FRAMU: Attention-based Machine Unlearning using Federated Reinforcement Learning

  • paper_url: http://arxiv.org/abs/2309.10283
  • repo_url: None
  • paper_authors: Thanveer Shaik, Xiaohui Tao, Lin Li, Haoran Xie, Taotao Cai, Xiaofeng Zhu, Qing Li
  • for: 这篇论文旨在解决数据隐私问题,提供一种基于联合学习和迪金生学习的机器学习卷积推理框架,以提高模型的准确性和计算效率。
  • methods: 该框架使用注意力机制、隐私保护技术和优化策略,可以处理不同数据源,包括单模态和多模态数据,并保持模型的准确性和隐私。
  • results: 在单模态和多模态数据集上进行了实验,发现FRAMUsignificantly outperformed基准模型,并且对模型的演进和优化进行了证明。
    Abstract Machine Unlearning is an emerging field that addresses data privacy issues by enabling the removal of private or irrelevant data from the Machine Learning process. Challenges related to privacy and model efficiency arise from the use of outdated, private, and irrelevant data. These issues compromise both the accuracy and the computational efficiency of models in both Machine Learning and Unlearning. To mitigate these challenges, we introduce a novel framework, Attention-based Machine Unlearning using Federated Reinforcement Learning (FRAMU).
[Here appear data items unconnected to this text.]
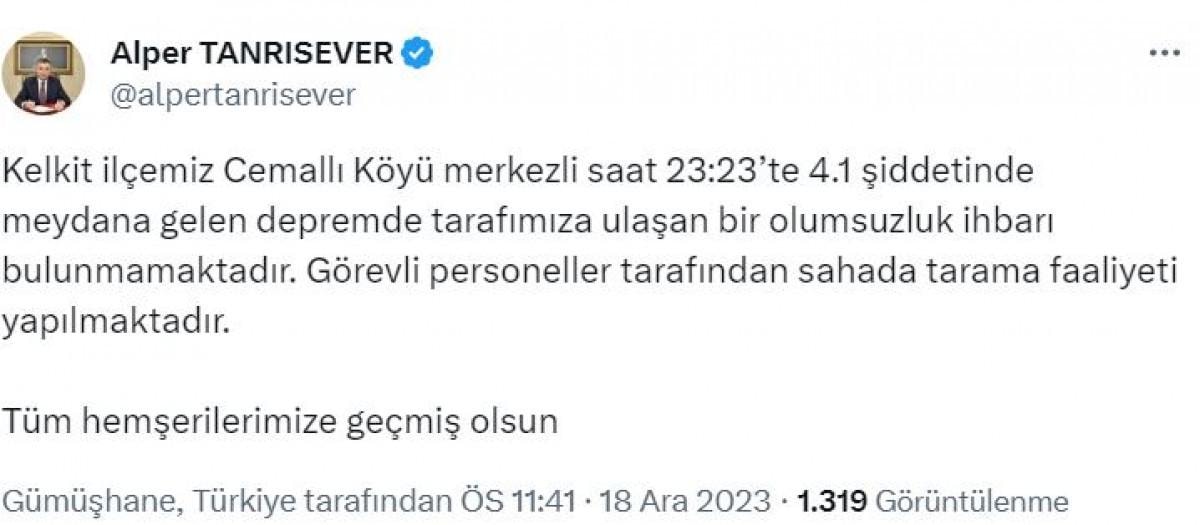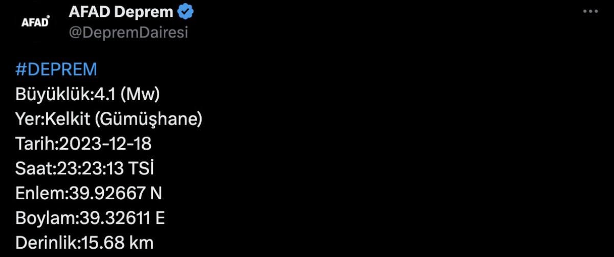 Gece saatlerinde 4.3 büyüklüğündeki depremle sarsılan Gümüşhane'nin Kelkit ilçesinde saat 23.23'te 4.1 büyüklüğünde deprem meydana geldi.
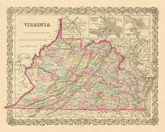 Plongez-vous dans la riche histoire des États-Unis avec cette superbe carte ancienne de la Virginie, réalisée par le cartographe estimé JH Colton en 1859. Colton est universellement reconnu comme l'un des meilleurs cartographes américains de son époque, et cette pièce témoigne de sa maîtrise. Ses cartes sont réputées pour leur précision et leurs détails, et cette carte de la Virginie ne fait pas exception.
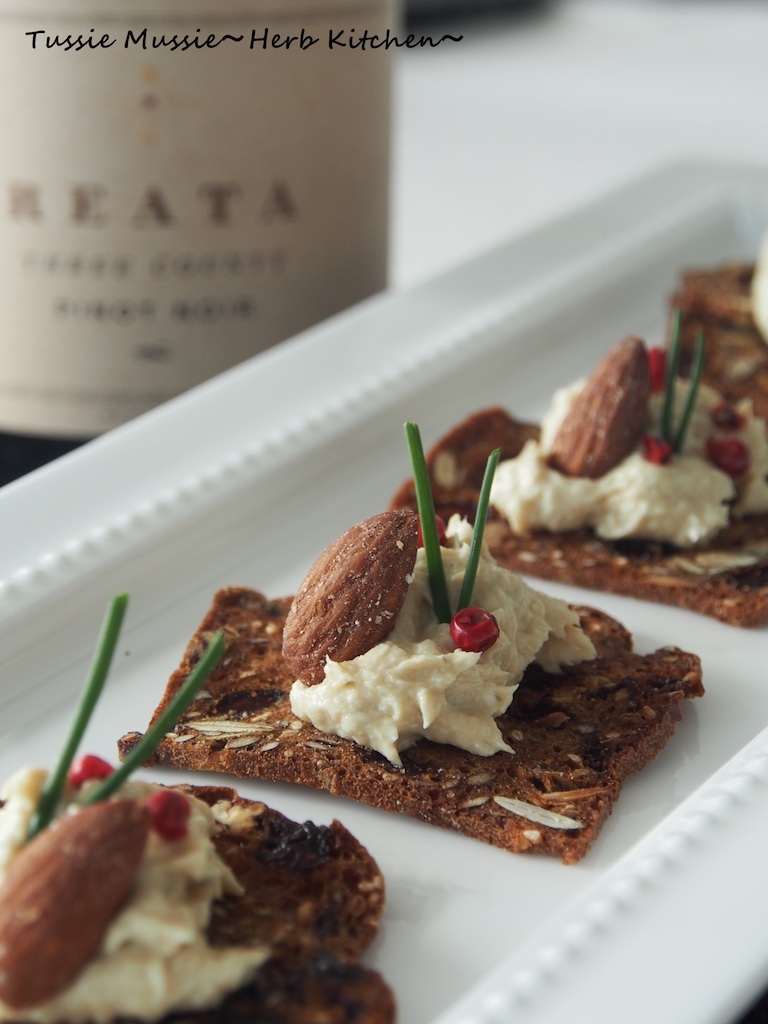 - クラッカーにのせ、ピンクペッパーやハーブ、アーモンドをトッピングする。
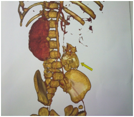 Clinical examination of the patient revealed soft abdominal mass occupying the left hemi-abdomen. Ultrasonography exam had shown a left hydronephrosis associated with polycystic mass measuring 10x15cm containing multiple calcifications. CT scan exam revealed a left hydronephrosis with a thin renal cortex associated with a well-capsulated and heterogeneous mass containing multiple calcifications, measuring 82x66x59mm, localized in the retro-peritoneum space and adherent to the lumbar vertebral column and the left iliac crest, pushing away the aorta and the inferior vena cava to the right side of the abdomen and compressing the left ureter (Figure 1). We suspected with teratoma. Contrast multislice computed tomography of the abdomen was done and it shew a bony mass lying on the left iliac crest and is adherent to the fifth lumbar vertebra and it receives blood perfusion through small vessel arising from the aorta (Figure 2). On surgical laparotomy and exploration using transverse left infra-umbilical incision, we found a large retro-peritoneal cystic mass adherent to the 5th lumbar vertebra and the left iliac crest, pushing the aorta and the inferior vena cava to the right side. There was no adherence with the left kidney but the ureter was compressed causing hydronephrosis.

This framework incorporates adaptive learning mechanisms, privacy preservation techniques, and optimization strategies, making it a well-rounded solution for handling various data sources, either single-modality or multi-modality, while maintaining accuracy and privacy. FRAMU's strength lies in its adaptability to fluctuating data landscapes, its ability to unlearn outdated, private, or irrelevant data, and its support for continual model evolution without compromising privacy. Our experiments, conducted on both single-modality and multi-modality datasets, revealed that FRAMU significantly outperformed baseline models. Additional assessments of convergence behavior and optimization strategies further validate the framework's utility in federated learning applications. Overall, FRAMU advances Machine Unlearning by offering a robust, privacy-preserving solution that optimizes model performance while also addressing key challenges in dynamic data environments.
    摘要 机器无学是一个emerging field,旨在解决数据隐私问题,通过从机器学习过程中除去private或无关的数据。由于使用过时、private或无关的数据,会导致模型精度和计算效率受到挑战。为了解决这些问题,我们提出了一种新的框架:基于联邦反馈学习的注意力机器无学(FRAMU)。这个框架包括适应学习机制、隐私保护技术和优化策略,使其能够处理不同数据源,包括单模态和多模态数据,而不会影响模型的准确性和隐私。FRAMU的优势在于其适应到变化的数据景观、能够快速地忘记过时、private或无关的数据,以及支持不间断的模型演化而不损失隐私。我们在单模态和多模态数据集上进行了实验,发现FRAMU与基准模型相比有显著性能提升。进一步的评估对 convergence 行为和优化策略也证明了框架在联邦学习应用中的实用性。总之,FRAMU 提高了机器无学的可靠性和隐私保护能力,为动态数据环境中的机器学习应用提供了一个robust和隐私保护的解决方案。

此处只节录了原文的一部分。